# The Holiday Home, Norfolk, May 2014 - Pic Heavy



## Stealthstar79 (May 6, 2014)

This delightful little home sits in a beautiful part of the Norfolk countryside and right next to the coast. It was a very busy day with people and cars passing. You could hear the conversations of walkers as they walked by. It was a lovely sunny day and it was made even better by this little explore. I have had a soft spot for this little place since it was first posted.
It seems there are two dwellings a wooden bungalow and a long carriage to the side.
Many Thanks to MikeyMutt! 
Hope you enjoy...


The carriage home.
















































The Bungalow..


----------



## mockingbird (May 6, 2014)

Lovely stuff stealth, I did wonder if you'd hit this place, lovely colours aswel


----------



## tumble112 (May 6, 2014)

This is a cracking little place and you've captured it well. I can remember having bed sheets like those


----------



## Paulytwotanks (May 6, 2014)

Cool little place! Well done. You don't see many of those compact Belling's anymore.
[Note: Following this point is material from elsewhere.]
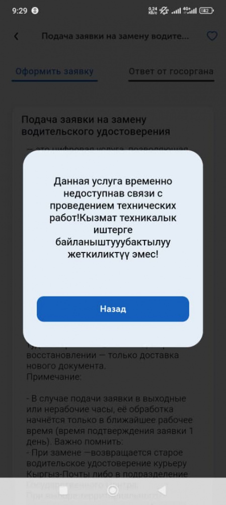 "В связи с модернизацией услуги по замене водительских удостоверений и расширением ее функционала (в том числе добавлением бесплатной замены) услуга временно недоступна. Услуга будет доступна после выхода ближайшего обновления мобильного приложения "Тундук", - отметили в компании.

I had a second hand Compact 4 when I got my first home with my then girlfriend many years ago. Ahh the memories


----------



## flyboys90 (May 6, 2014)

Great collection,thanks for showing.


----------



## Kezz44 (May 6, 2014)

Nice pics, well done. Great little place to explore this!


----------



## billygroat (May 6, 2014)

How quaint.... simply superb pics!

Makes me think of Goldylilocks for some reason, maybe the chairs and the unmade bed which looks neater than mine!!


----------



## Mikeymutt (May 6, 2014)

brilliant stuff stealth..norfolk's hidden secret..them bed covers still all nicely made..cheers for sharing your great photos


----------



## billygroat (May 6, 2014)

Second look, loving the pegs!


----------



## DirtyJigsaw (May 7, 2014)

Very nice indeed  Nice set of pics


----------



## The Wombat (May 7, 2014)

Good work Stealthstar
cant believe all those made up beds


----------



## steve2109 (May 11, 2014)

Great capture and report, makes you wonder how these places just get left like they are still lived in


----------



## PageOne (Jun 1, 2014)

Nice photos.

It was just like the house my parents bought, beds all made, food in cupboards, clothes and coats all hung up all covered in dust, plaster, damp, all decaying, waiting for the people to come home who never will. So sad!


----------



## Onmyown (Jun 1, 2014)

Nice one Stealth, I love seeing places decaying on their own away from prying eyes, so to see something like this, not trashed and in its original state does it for me. Thanks for sharing.


----------